Work instruction — The copy must match the data word for word and contain no pictures.

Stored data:

+++

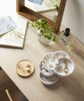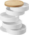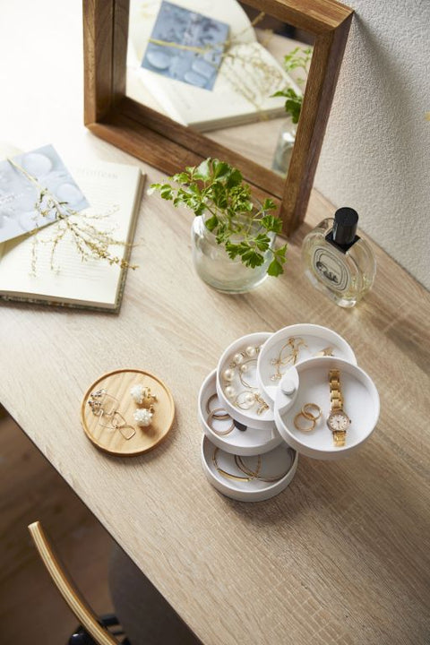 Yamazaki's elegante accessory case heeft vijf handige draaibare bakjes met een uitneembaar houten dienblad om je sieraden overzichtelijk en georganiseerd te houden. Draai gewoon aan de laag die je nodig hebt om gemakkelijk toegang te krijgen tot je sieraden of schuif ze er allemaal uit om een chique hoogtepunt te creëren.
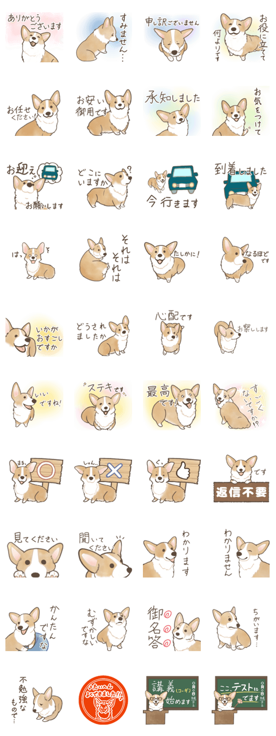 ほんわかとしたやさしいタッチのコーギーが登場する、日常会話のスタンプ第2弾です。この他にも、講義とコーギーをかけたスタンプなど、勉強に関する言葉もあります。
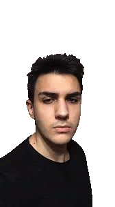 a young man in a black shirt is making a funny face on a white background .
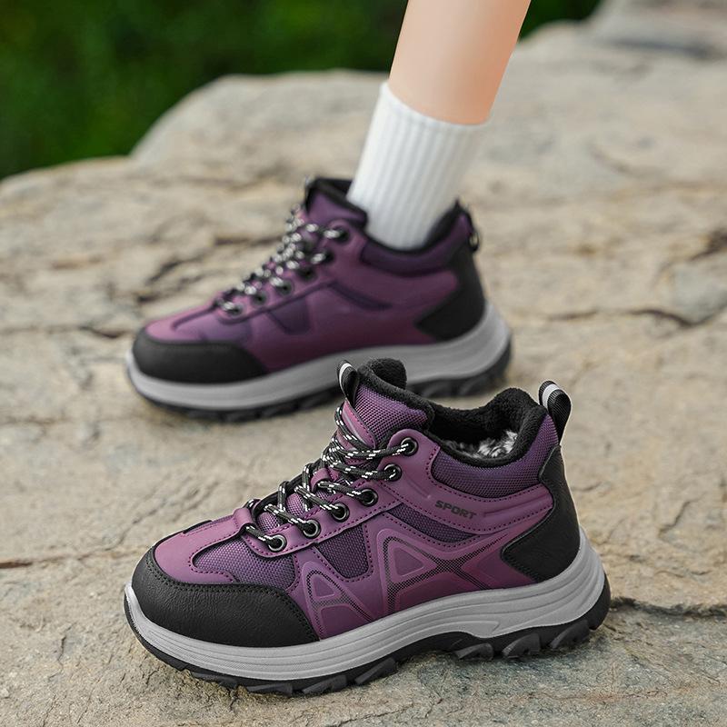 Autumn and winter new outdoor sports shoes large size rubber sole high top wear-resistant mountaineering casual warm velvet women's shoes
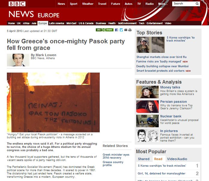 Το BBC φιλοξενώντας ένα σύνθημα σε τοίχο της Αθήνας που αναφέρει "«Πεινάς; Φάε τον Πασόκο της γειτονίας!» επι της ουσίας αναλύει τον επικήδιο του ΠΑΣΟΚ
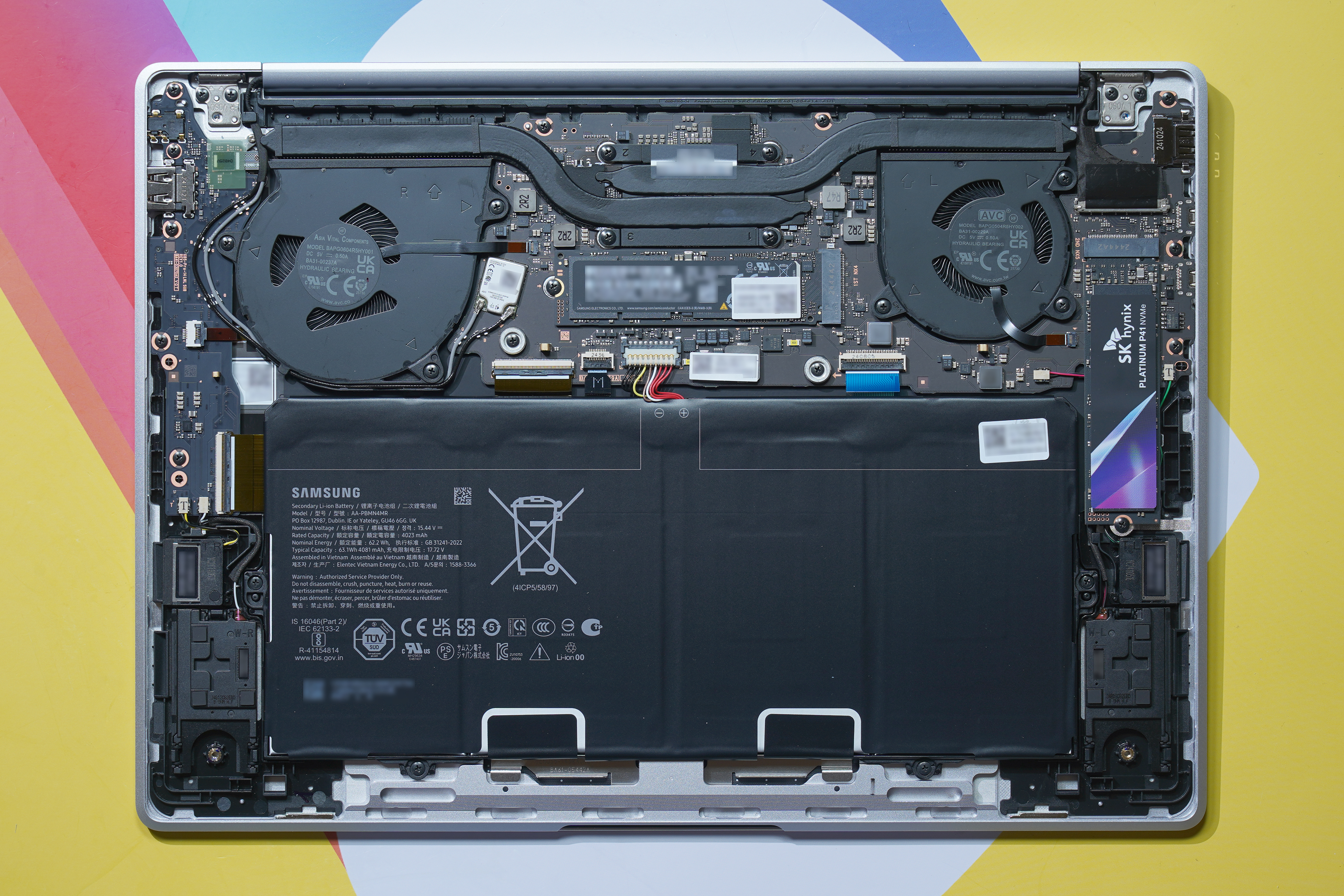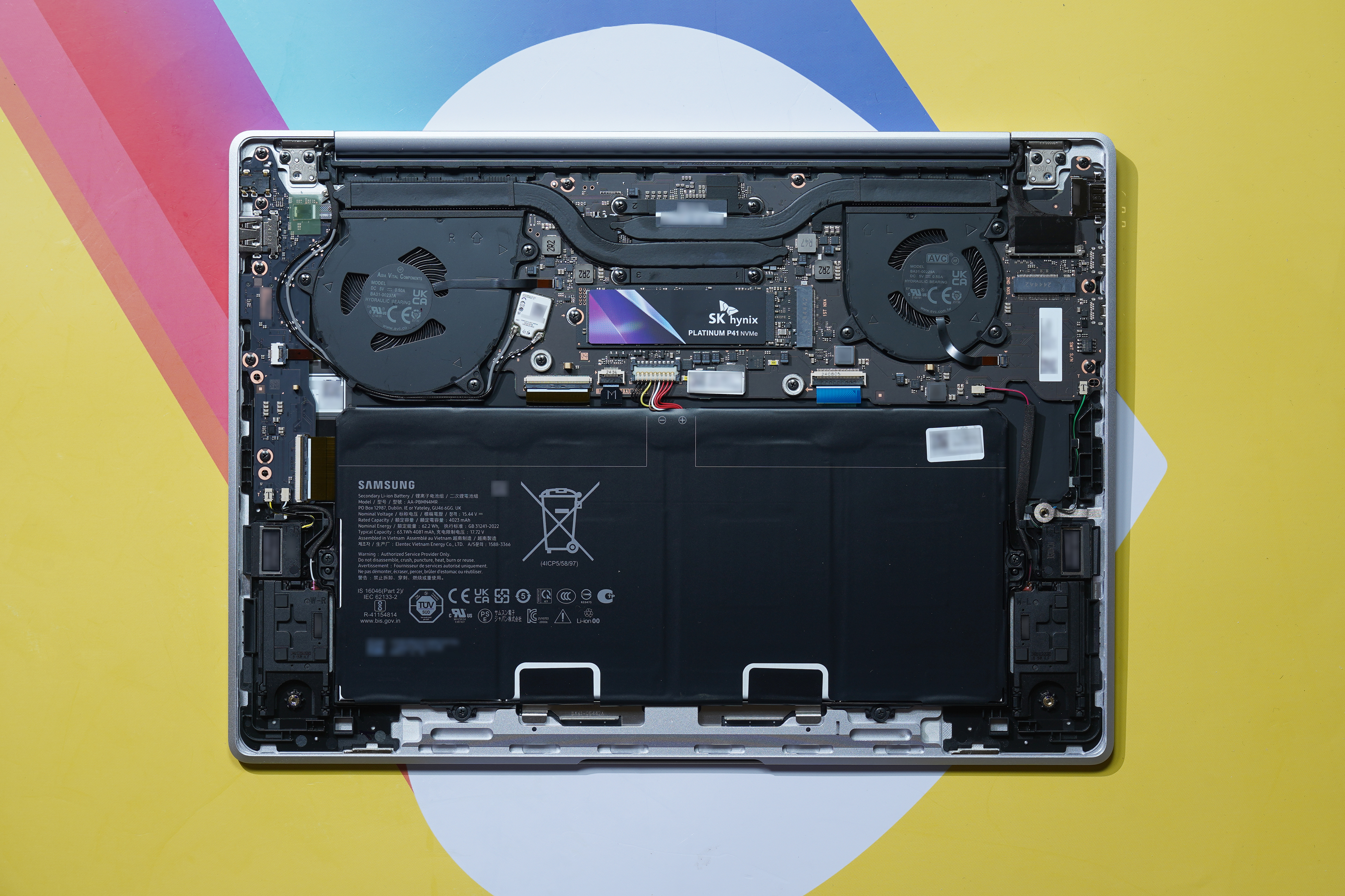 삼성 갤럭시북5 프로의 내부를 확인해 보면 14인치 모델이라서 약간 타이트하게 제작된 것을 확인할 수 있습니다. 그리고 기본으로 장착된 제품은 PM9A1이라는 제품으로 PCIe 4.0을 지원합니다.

+++

Reply —
 Yamazaki's elegante accessory case heeft vijf handige draaibare bakjes met een uitneembaar houten dienblad om je sieraden overzichtelijk en georganiseerd te houden. Draai gewoon aan de laag die je nodig hebt om gemakkelijk toegang te krijgen tot je sieraden of schuif ze er allemaal uit om een chique hoogtepunt te creëren.
 ほんわかとしたやさしいタッチのコーギーが登場する、日常会話のスタンプ第2弾です。この他にも、講義とコーギーをかけたスタンプなど、勉強に関する言葉もあります。
 a young man in a black shirt is making a funny face on a white background .
 Autumn and winter new outdoor sports shoes large size rubber sole high top wear-resistant mountaineering casual warm velvet women's shoes
 Το BBC φιλοξενώντας ένα σύνθημα σε τοίχο της Αθήνας που αναφέρει "«Πεινάς; Φάε τον Πασόκο της γειτονίας!» επι της ουσίας αναλύει τον επικήδιο του ΠΑΣΟΚ
 삼성 갤럭시북5 프로의 내부를 확인해 보면 14인치 모델이라서 약간 타이트하게 제작된 것을 확인할 수 있습니다. 그리고 기본으로 장착된 제품은 PM9A1이라는 제품으로 PCIe 4.0을 지원합니다.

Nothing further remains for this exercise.